Making the Desert Your Friend

One of the key elements in the 12 steps is surrender. For the first seven years of my sobriety I could never say I surrendered entirely. There was a piece of me I kept hidden, even from God. And then the bottom dropped out.

Beaten into complete defeat…and surrounded by those who can speak from the heart, I finally surrendered ~ Bill W

This was a bottom I reached in sobriety ~ a sober bottom ~ but a bottom nonetheless

My mother had recently died. I was without a partner, my work was sheer drudgery and I had no vision whatsoever of my future. It seemed to me my best days were behind me.

In the past I would have escaped into an alcoholic haze but with sobriety my mirage-making machinery had been dismantled I had no way to escape the darkness and the “black dog” of depression nipped at my heels.

My work had taken me to San Francisco and one morning, while on a run in the Marina District, I came to the beach below the Golden Gate Bridge. I stood mesmerized.

I suspect my gaze looked no different from others, but in truth, in my hopelessly sad, lonely, and depressed state I was contemplating what it might mean to become one of the 1,600 people who had been fished out of the bay during the bridge’s history.

I was shaken by these thoughts. I then remembered my “hole card,” the card I could play if I ever got into a really tight place. I could call my buddy, Joe Thomas. I knew if I called, he’d come. I called. He came.

Joe caught the next plane out of Mobile. We spent the next few days in deep conversation. I shared with him my broken spirit, my despair, my feelings of abject loneliness.

During that time we talked, went to meetings, and soon were planning a cross-country trek, a personal retreat, a kind of odyssey that would take us through Death Valley.

During that time we talked, we planed a cross-country trek that would take us through Death Valley.

Maybe it was the hot valley floor that rose up to meet me, or maybe I was just ready, but I finally rendered up that hidden part of me on a day in May 1992.

Here’s what happened.

Joe and I had gotten out of our car and began to walk a short way in the terrific heat, something north of 120 degrees. The air shimmered. As I surveyed this barren, hot, dead landscape I said to Joe, “This place looks exactly like how I feel. How, in the name of God, can anything survive here?” Then, without missing a beat Joe said, “

It’s simple. You make the desert your friend.”
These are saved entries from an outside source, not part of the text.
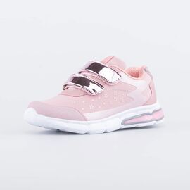 Яркий декор: LED-подсветка в подошве, ПУ-камера с пайетками в районе манжета, серебристые липучки и принт.
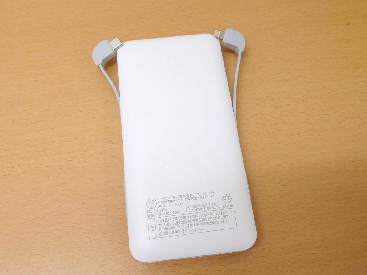 モバイルバッテリーの定格容量は6000mAh。USB Type-CポートとUSB Type-Aポートが1つずつ、本体に一体化されたUSB Type-CケーブルとLightningケーブルが1本ずつ備わっています。
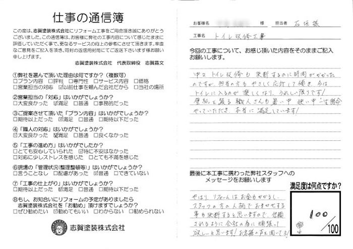 やはりリフォームはお金もかかるし、スタッフの方の人柄でおまかせする事も決断すると思いますので、信頼されるように会社の為に頑張ってほしいと思います!お客様の声を聞いてね。

Wow! Joe’s statement came as a bolt of lightning that blew apart the fortress guarding my hidden self.

Up to that moment the desert had been my enemy, to be avoided at all cost. Joe uncovered a critical flaw in my understanding of life. I was accustomed to fighting life, treating every adversity as a foe, something to be beaten. Here was Joe, suggesting I make it my friend. Make adversity my friend? Joe was saying the “desert” times that are inevitable for all of us could feed me, nourish me, and introduce me to a whole new way of embracing my life.

  • Desert times are openings to new opportunities
  • Deserts have hidden wellsprings
  • Deserts are filled with fellow travelers

When we left Death Valley and ended our day at Mt. Whitney, I had the opportunity to look down on the valley and I realized I’d buried my Golden Gate Bridge despair in the desert floor. My time in Death Valley had filled me with a sense of new life.

The desert had become my friend and it’s been my friend ever since.